TASK GOAL> Exactly the lines from the start of the entries through the line with "インパーフェクト・ガール(完美女孩)-nana ()/初音未来(音ミク) |" are required in the output, with no pictures among them.

╭──

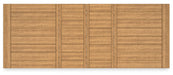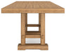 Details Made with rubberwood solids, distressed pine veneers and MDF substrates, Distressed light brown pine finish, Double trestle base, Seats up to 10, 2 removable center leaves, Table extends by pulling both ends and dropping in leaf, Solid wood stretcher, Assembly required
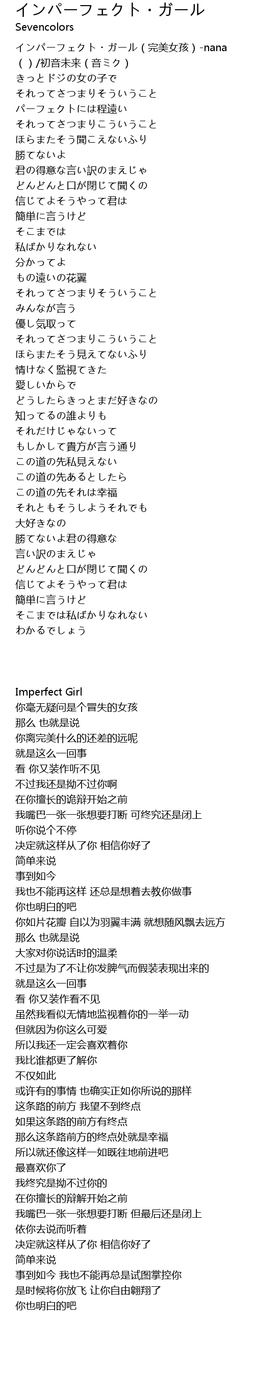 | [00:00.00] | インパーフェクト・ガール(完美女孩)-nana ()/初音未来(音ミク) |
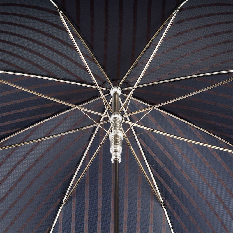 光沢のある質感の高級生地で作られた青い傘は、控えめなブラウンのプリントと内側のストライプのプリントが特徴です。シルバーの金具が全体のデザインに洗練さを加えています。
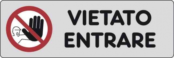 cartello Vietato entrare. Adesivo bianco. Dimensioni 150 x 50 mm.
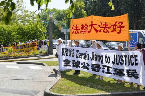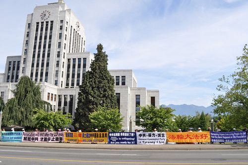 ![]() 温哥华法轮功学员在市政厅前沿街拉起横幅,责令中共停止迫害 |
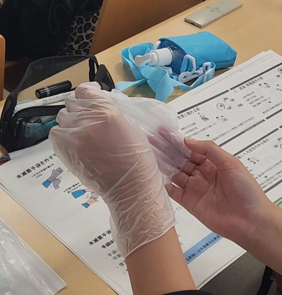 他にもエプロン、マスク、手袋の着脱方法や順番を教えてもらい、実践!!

╰──

EXERCISE ANSWER>
 Details Made with rubberwood solids, distressed pine veneers and MDF substrates, Distressed light brown pine finish, Double trestle base, Seats up to 10, 2 removable center leaves, Table extends by pulling both ends and dropping in leaf, Solid wood stretcher, Assembly required
 | [00:00.00] | インパーフェクト・ガール(完美女孩)-nana ()/初音未来(音ミク) |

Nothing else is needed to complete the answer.